For this task, output exactly the lines of the material below starting at the line with "Warm-toned light wood" and ending at the line with "V48 Dr. Senckenbergische"; pictures are to be excluded.

## Recorded information
>>>>
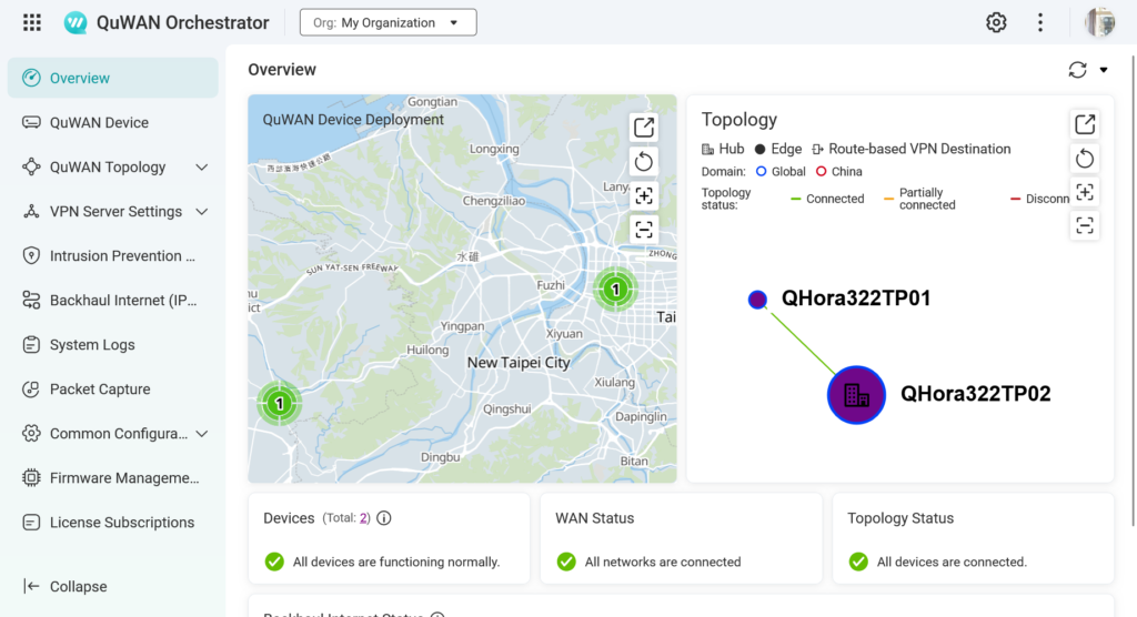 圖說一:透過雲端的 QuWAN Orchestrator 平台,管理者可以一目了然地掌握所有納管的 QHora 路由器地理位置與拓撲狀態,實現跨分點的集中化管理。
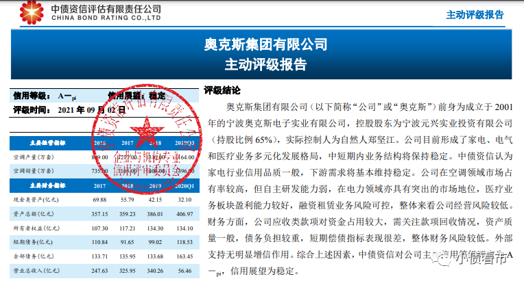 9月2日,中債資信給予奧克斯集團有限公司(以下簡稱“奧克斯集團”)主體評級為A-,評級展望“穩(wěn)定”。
<<<<
>>>>
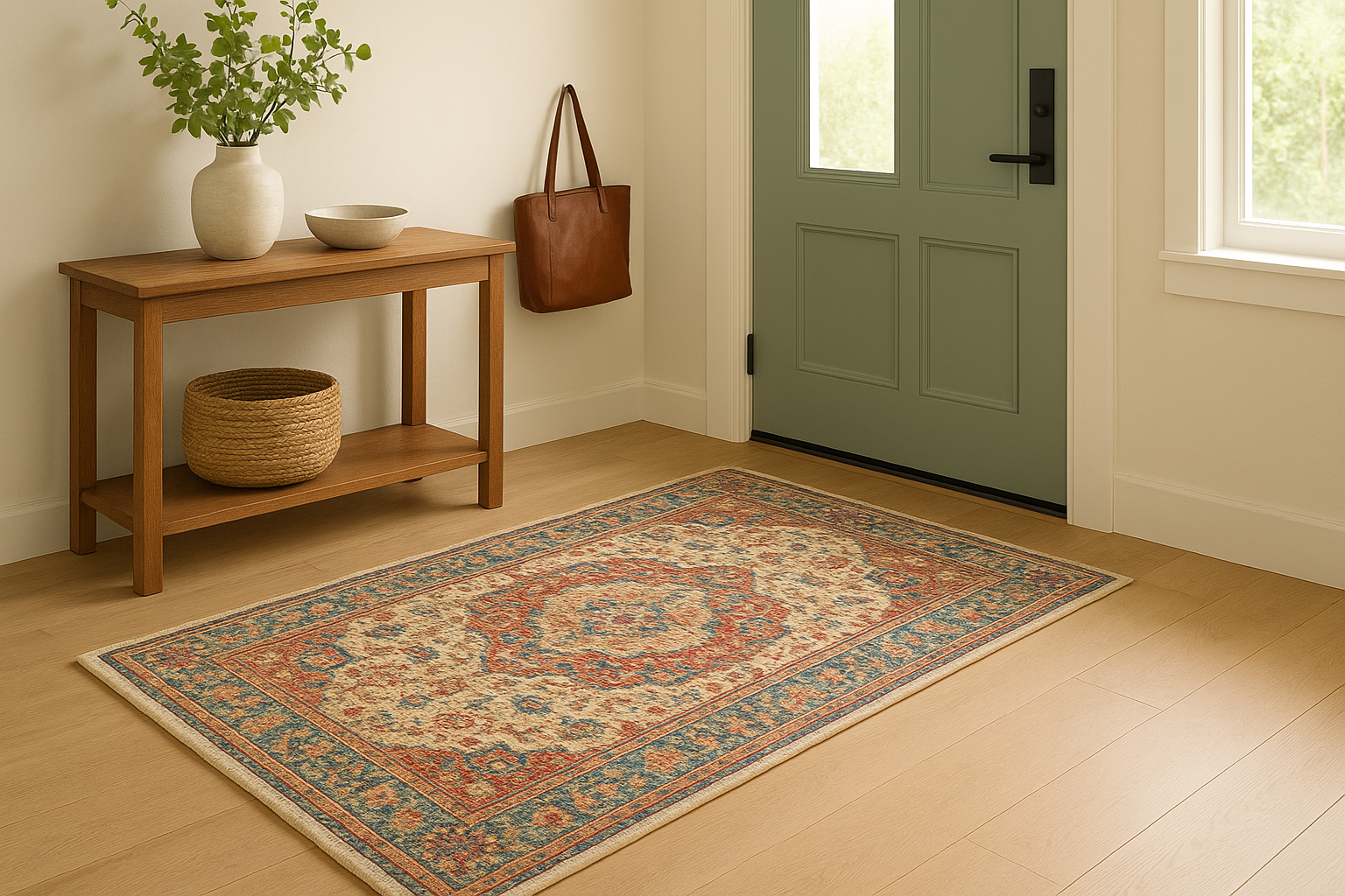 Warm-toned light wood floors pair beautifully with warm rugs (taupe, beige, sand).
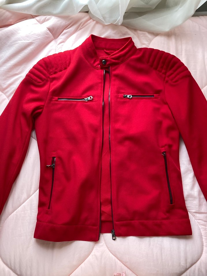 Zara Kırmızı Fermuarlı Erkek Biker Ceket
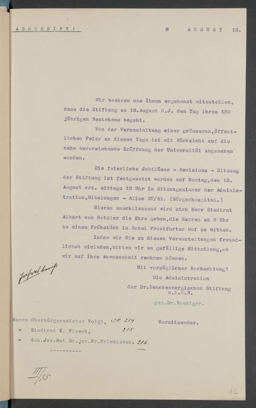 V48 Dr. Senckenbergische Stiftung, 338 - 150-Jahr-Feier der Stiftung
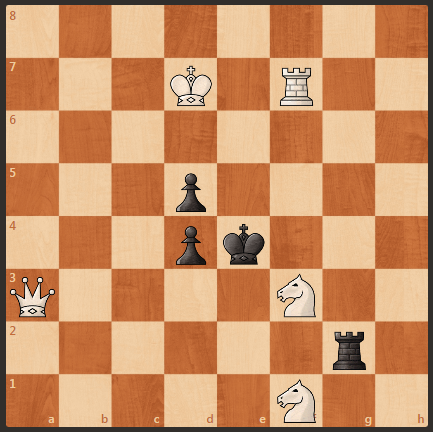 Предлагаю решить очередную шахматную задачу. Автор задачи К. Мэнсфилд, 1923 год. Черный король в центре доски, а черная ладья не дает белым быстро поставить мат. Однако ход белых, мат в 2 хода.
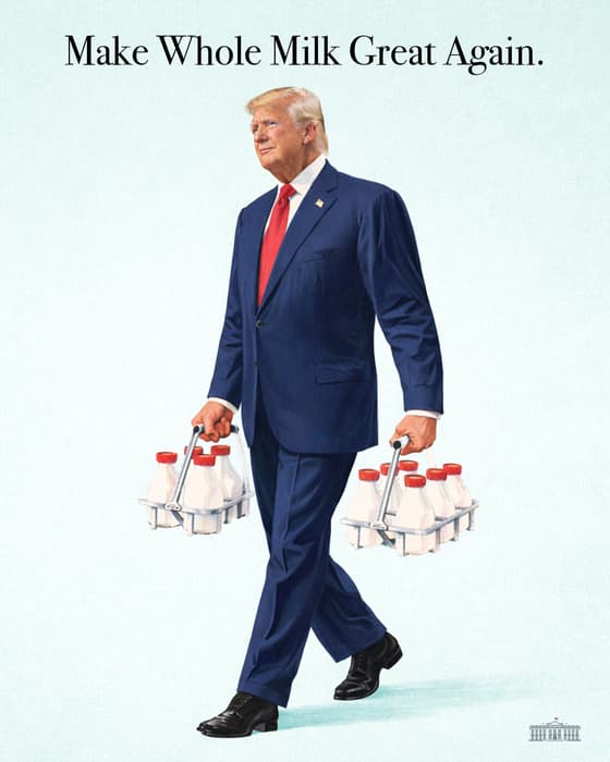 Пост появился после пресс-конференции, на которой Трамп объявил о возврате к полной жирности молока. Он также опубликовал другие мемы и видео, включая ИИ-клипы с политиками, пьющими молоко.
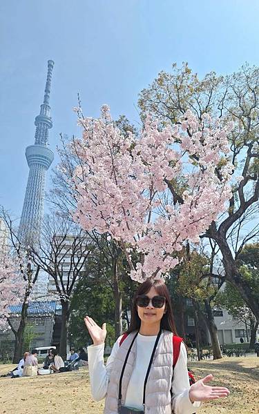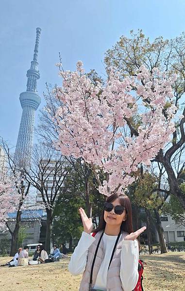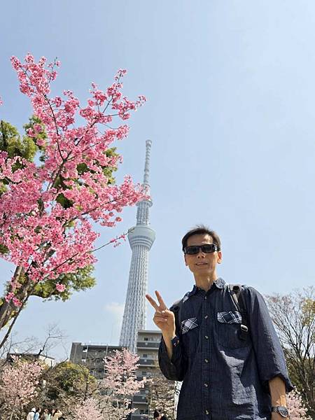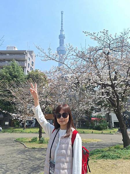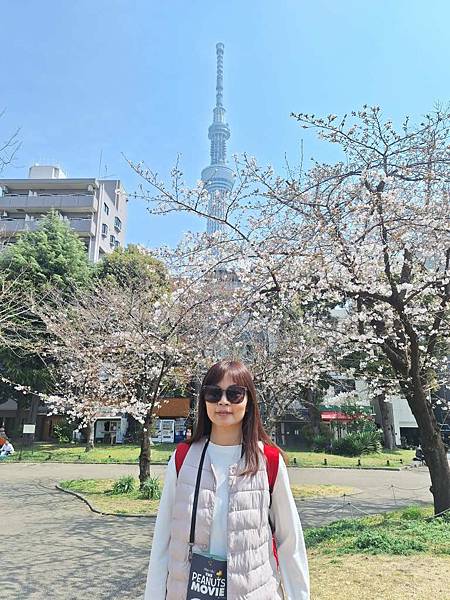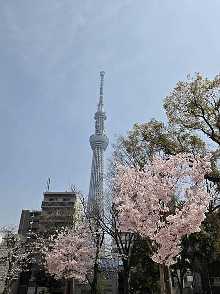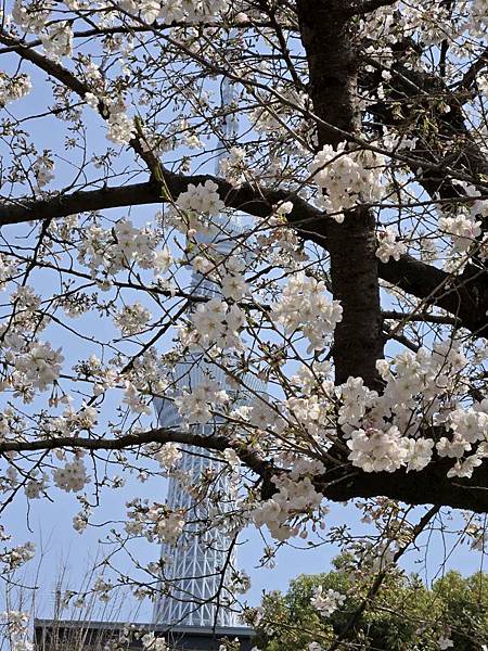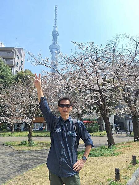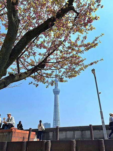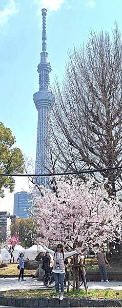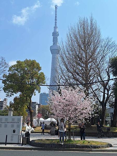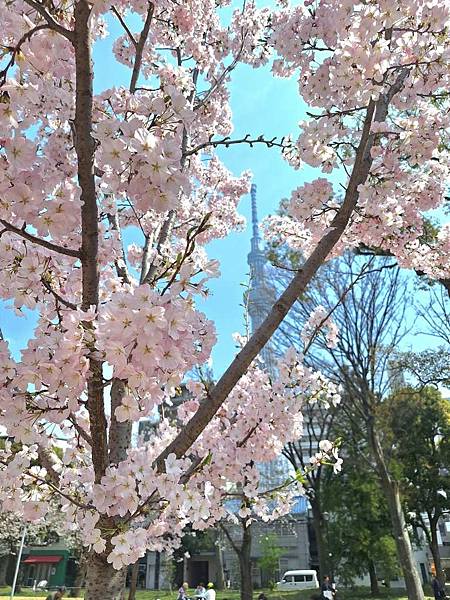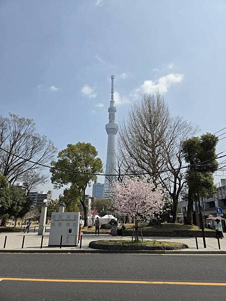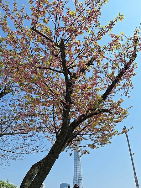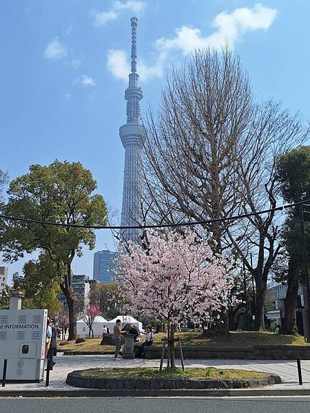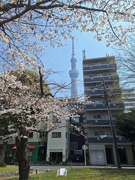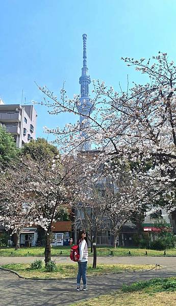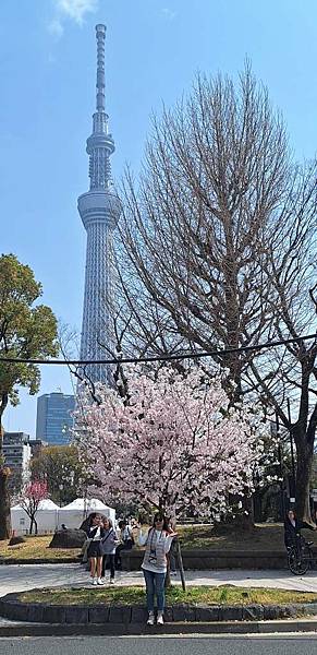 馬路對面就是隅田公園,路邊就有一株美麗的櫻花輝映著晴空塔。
<<<<
>>>>
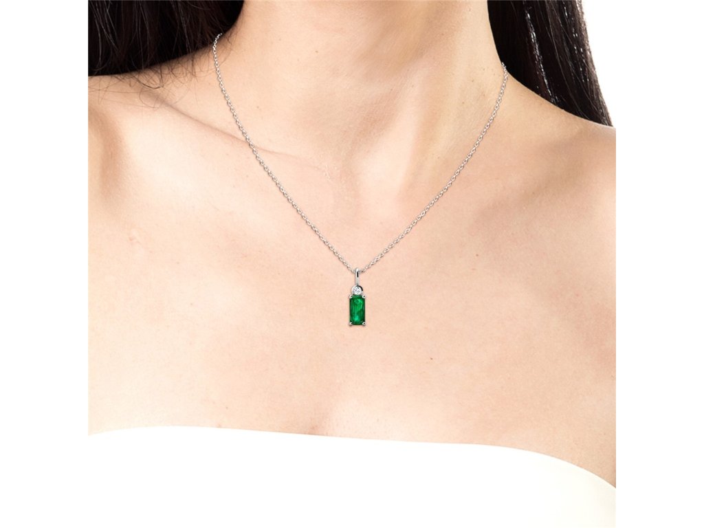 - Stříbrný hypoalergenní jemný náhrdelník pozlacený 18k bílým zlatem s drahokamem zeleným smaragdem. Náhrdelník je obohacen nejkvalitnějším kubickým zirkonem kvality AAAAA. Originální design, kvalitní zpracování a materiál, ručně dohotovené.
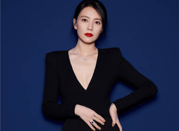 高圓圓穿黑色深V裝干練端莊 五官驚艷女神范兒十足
<<<<
## Answer to this problem
 Warm-toned light wood floors pair beautifully with warm rugs (taupe, beige, sand).
 Zara Kırmızı Fermuarlı Erkek Biker Ceket
 V48 Dr. Senckenbergische Stiftung, 338 - 150-Jahr-Feier der Stiftung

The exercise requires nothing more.